Sensors are an integral part of our daily lives. Although often unnoticed, sensors provide critical information essential to modern healthcare, security, and environmental monitoring. Modern cars alone have more than 100 sensors and that number will only increase.
Quantum sensing is poised to revolutionize today’s sensors, dramatically increasing the performance they can achieve. More accurate, rapid, and reliable measurements of physical quantities can have a transformative effect in all areas of science and technology, including our daily lives.
However, the majority of quantum sensing schemes rely on special entangled or compressed states of light or matter that are difficult to generate and detect. This is a major obstacle to harnessing the full power of finite quantum sensors and deploying them in real-world scenarios.
In a paper published today, a team of physicists from the Universities of Bristol, Bath and Warwick show that it is possible to make high-resolution measurements of important physical properties without the need for complex quantum states of light and detection patterns.
Key to this breakthrough is the use of ring resonators – tiny racetrack structures that direct light into a ring and increase its interaction with the sample under study.
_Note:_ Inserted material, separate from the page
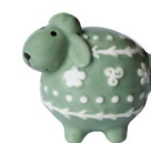
Cod: D 0289/VES Des: Pecorella verde salvia Note: 5x6x4cm

Importantly, toroidal resonators can be mass-produced using the same processes as the chips in our computers and smartphones.
“We are approaching all-integrated optical sensors that operate within the detection limits imposed by quantum mechanics,” said Alex Belsley, a doctoral student at Quantum Engineering Technology Laboratories (QET Labs) and lead author of the work.
This technology can be used to detect changes in absorption or refractive index to identify and characterize a wide variety of materials and biochemical samples, with topical applications ranging from greenhouse gases to greenhouse monitoring to cancer detection.
Associate Professor Jonathan Matthews, co-director of QET Labs and co-author of the work said: “We are really excited about the opportunities this result presents: we now know how to use manufacturable sequential processes to design optical sensors in the chip-scale that operates at the quantum limit.”